Orienteering

Orienteering: Why pain is no mystery to orienteers.

Orienteering is a unique, demanding sport which requires its participants to have the endurance and agility of cross- country runners and the map-reading skills of wilderness explorers. In addition to creating lofty fitness levels, orienteering may offer an additional bonus. Since orienteers usually run over soft forested terrain rather than on concrete roadways, some exercise scientists have suggested that orienteering reduces the impact forces on athletes' feet and legs and leads to fewer overuse (chronic 'wear and tear') injuries, compared to normal running.

To determine orienteers' actual chances of getting hurt, Danish scientists recently studied male and female orienteers over a one- to three-year period. The Danes found that a typical orienteer averaged slightly more than one overuse injury per year, roughly the same frequency observed in serious runners. However, the incidence of acute injuries (ankle sprains, knees traumatized by a fall, and eyes gouged by a sharp tree limb) was also about one per year, considerably higher than the rate experienced by runners. (The occurrence of sudden, traumatic injuries during road running is quite rare.)
Fortunately, the acute injuries didn't curtail the orienteers' training for long; about seven days of workouts were lost for each acute malady. Overuse injuries were a different matter entirely, leading to an average of 35 days of missed training for each problem. As in running, the highest percentage of overuse injuries involved the knee.
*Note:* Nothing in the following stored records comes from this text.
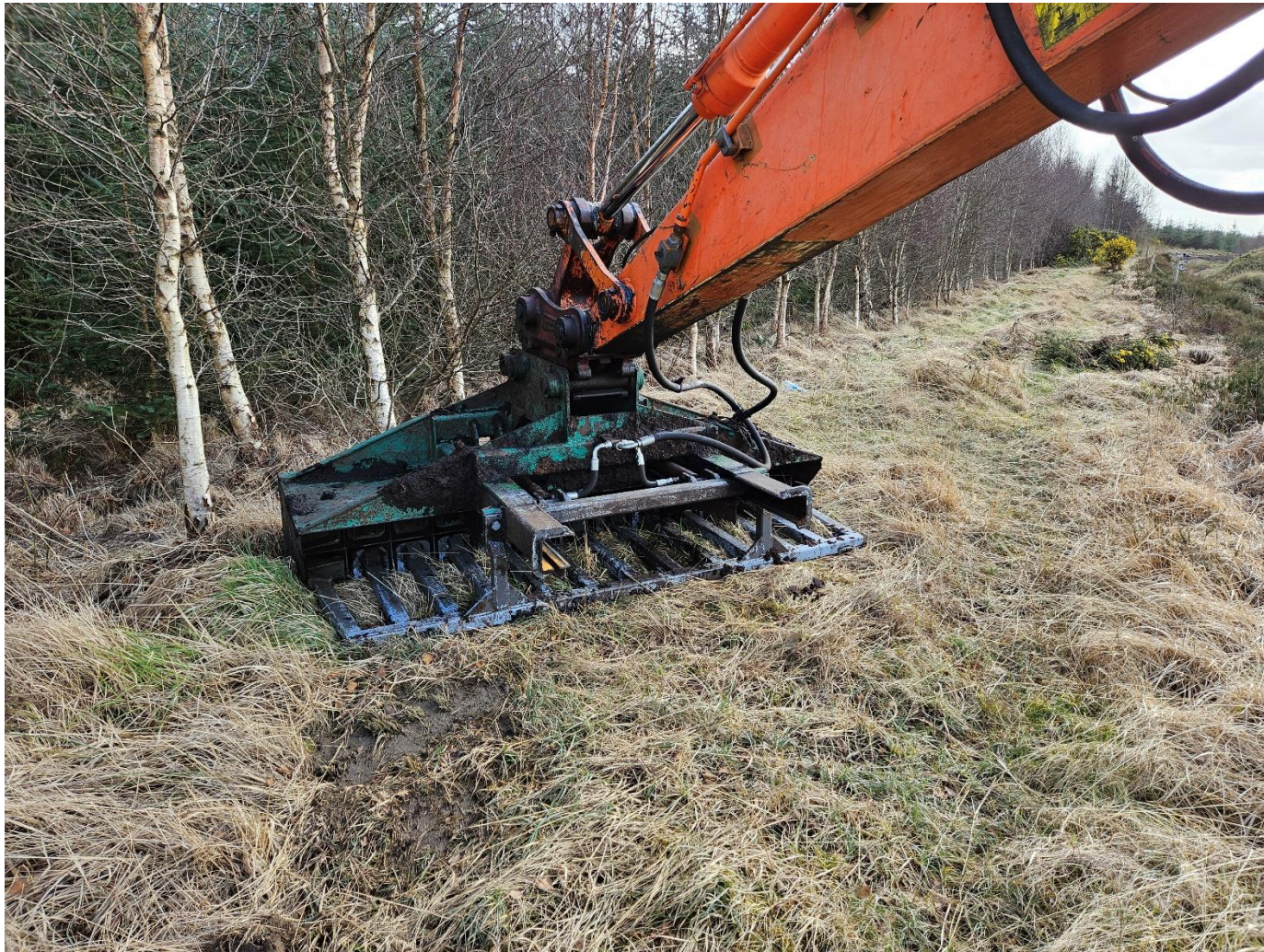
Photo 3 : Excavator with attachment for large sod peat extraction noted at the Western Section of the peatland.
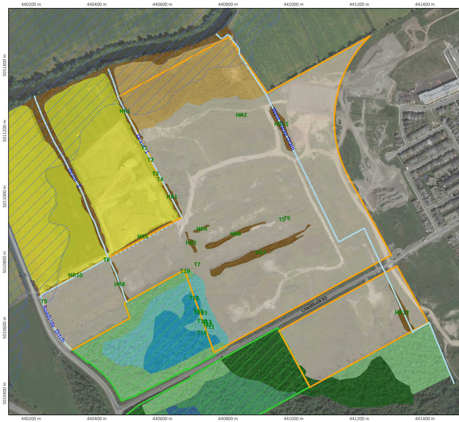
Figure 1: Current vegetation and tree distribution.
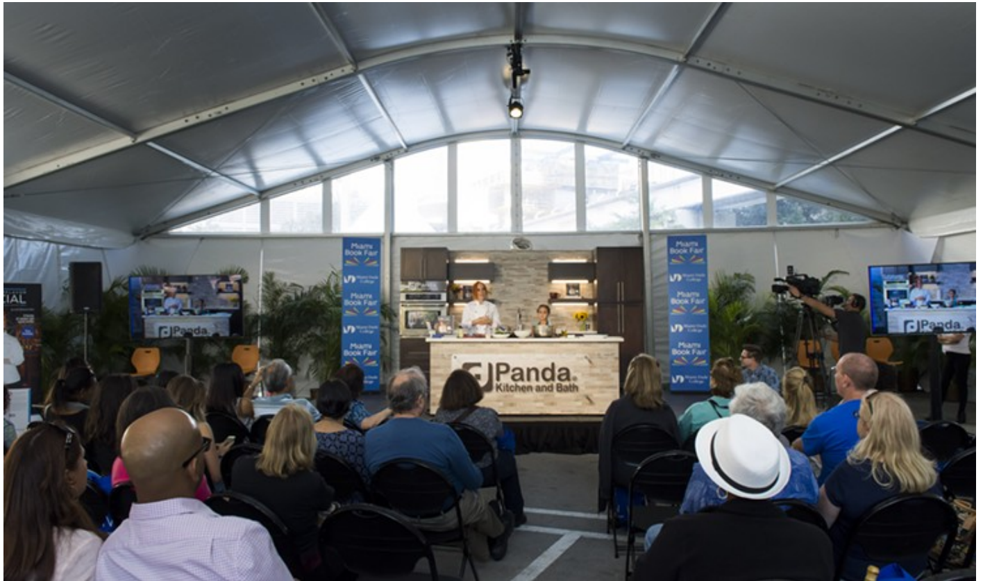
The Kitchen at Miami Book Fair.
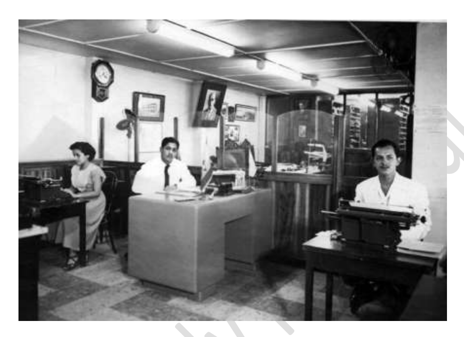
An office without computers

The current age referred as Information age, Digital age or New Media age has paved the way for great revolution in various spheres of business and industry. We cannot imagine our lives without information technology and computers.
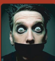
SAT, OCT 16 TAPE FACE
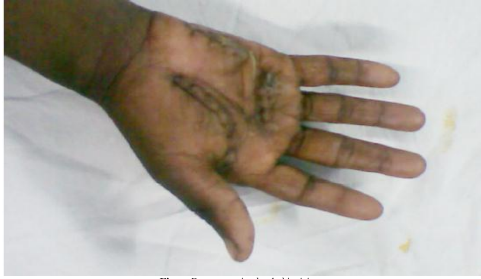
Fig-9. Post operative healed incisions
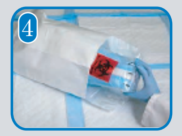
Place the sealed Saf-T-Pak inner leakproof polybag (or equivalent) inside a white Tyvek <sup>®</sup> outer envelope (or equivalent). Note: If primary receptacles do not meet the internal pressure requirement of 95 kPa, use compliant secondary packaging materials.
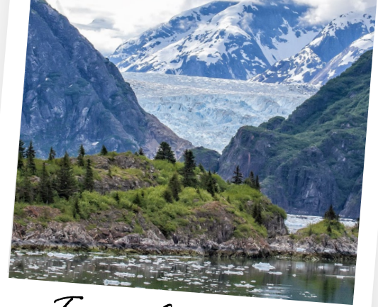
Tracy Arm Fjord
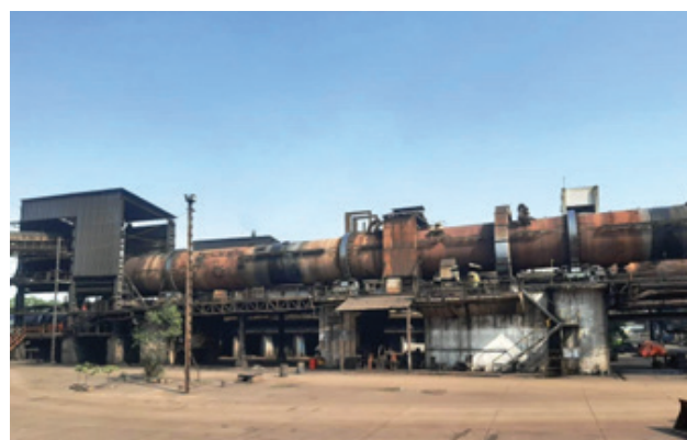
Rotary kiln, DRI industry
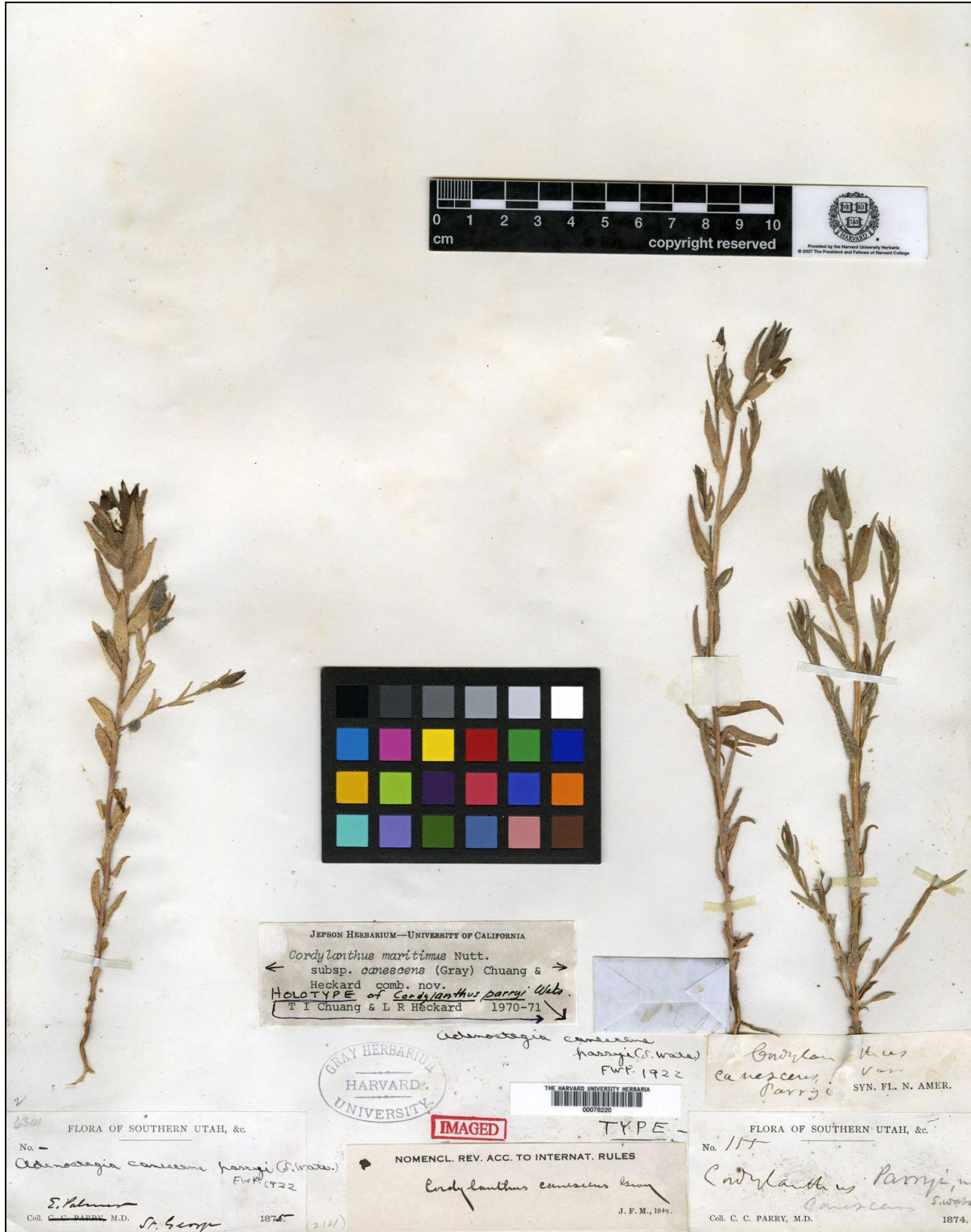
Figure 3. Parry 155, holotype of Cordylanthus parryi , represented by the two stems on the right. On the left is a stem of Palmer 6301, collected in the same area the following year.

Orienteers suffered from about two infections per year and lost 20 training days yearly because of illness. Overall, orienteers had to miss or cut back on their training about 70 times per year due to illness or injury.

Orienteering can boost fitness dramatically, but it also produces a fairly high rate of body damage, especially in terms of acute injury. Orienteers can take some steps to lower their risks of injury and infection, however. Since the Danish scientists found that marked increases in training load almost always preceded an overuse injury or infection, orienteers who want to increase the strenuousness of their training should expand the duration, frequency, or intensity of their workouts very, very gradually.

Another popular strategy for reducing injuries - stretching - probably doesn't really keep the injury bug away: the Danes found that orienteers who stretched before workouts had just as many maladies as orienteers who didn't. Also, there's probably little that orienteers can do to avoid acute injuries. The slippery rocks, steep inclines, and loose, uneven soil which make sudden falls and ankle sprains more likely are simply a normal part of the sport.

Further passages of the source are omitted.